__Material to process__

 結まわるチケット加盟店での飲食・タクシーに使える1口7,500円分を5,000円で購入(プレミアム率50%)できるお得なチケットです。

* * *

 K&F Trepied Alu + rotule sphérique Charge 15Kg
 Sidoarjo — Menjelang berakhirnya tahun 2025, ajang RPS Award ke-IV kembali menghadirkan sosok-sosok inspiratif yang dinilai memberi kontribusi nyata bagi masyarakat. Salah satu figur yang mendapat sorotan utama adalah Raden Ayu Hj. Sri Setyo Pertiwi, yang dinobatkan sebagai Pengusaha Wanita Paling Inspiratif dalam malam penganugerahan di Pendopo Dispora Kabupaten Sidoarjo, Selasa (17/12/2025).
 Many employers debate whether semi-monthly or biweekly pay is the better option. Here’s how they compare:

---

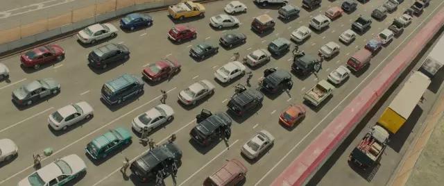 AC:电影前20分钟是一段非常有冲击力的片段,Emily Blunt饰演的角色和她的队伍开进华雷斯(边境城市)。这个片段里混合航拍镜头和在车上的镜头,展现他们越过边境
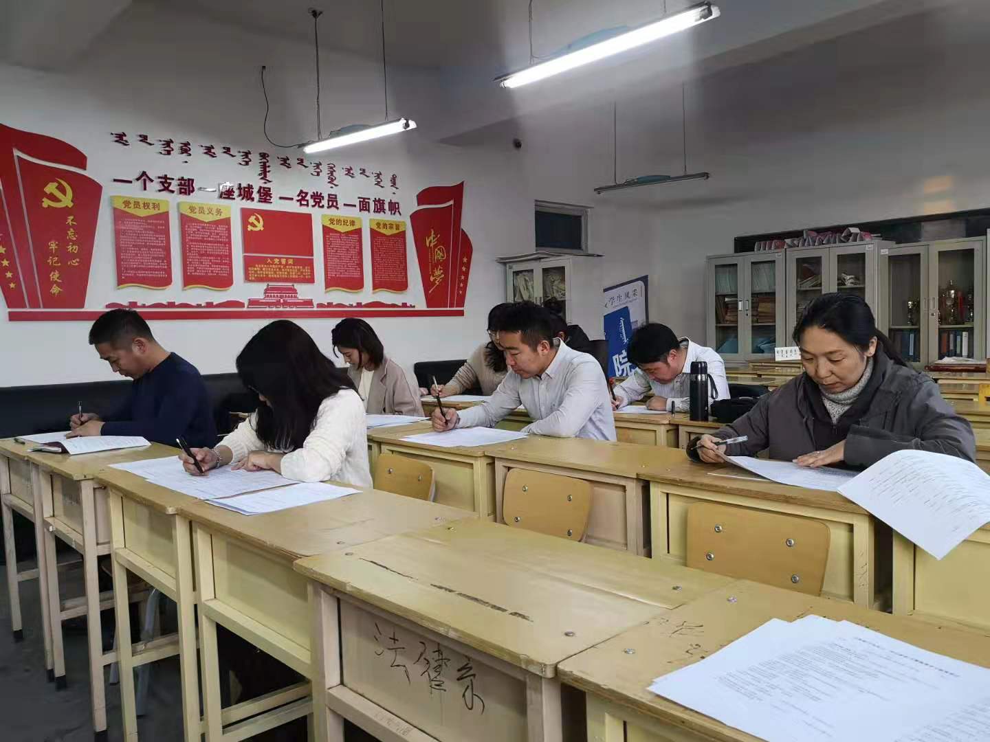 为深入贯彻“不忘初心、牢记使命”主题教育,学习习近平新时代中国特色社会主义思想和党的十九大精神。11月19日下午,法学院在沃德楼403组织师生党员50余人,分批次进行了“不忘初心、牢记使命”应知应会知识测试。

__Directions__
Copy range, inclusive: the line holding "K&F Trepied Alu" to the line holding "Many employers debate". Reproduce exactly those lines of the records above and no others.

__Response area__
 K&F Trepied Alu + rotule sphérique Charge 15Kg
 Sidoarjo — Menjelang berakhirnya tahun 2025, ajang RPS Award ke-IV kembali menghadirkan sosok-sosok inspiratif yang dinilai memberi kontribusi nyata bagi masyarakat. Salah satu figur yang mendapat sorotan utama adalah Raden Ayu Hj. Sri Setyo Pertiwi, yang dinobatkan sebagai Pengusaha Wanita Paling Inspiratif dalam malam penganugerahan di Pendopo Dispora Kabupaten Sidoarjo, Selasa (17/12/2025).
 Many employers debate whether semi-monthly or biweekly pay is the better option. Here’s how they compare:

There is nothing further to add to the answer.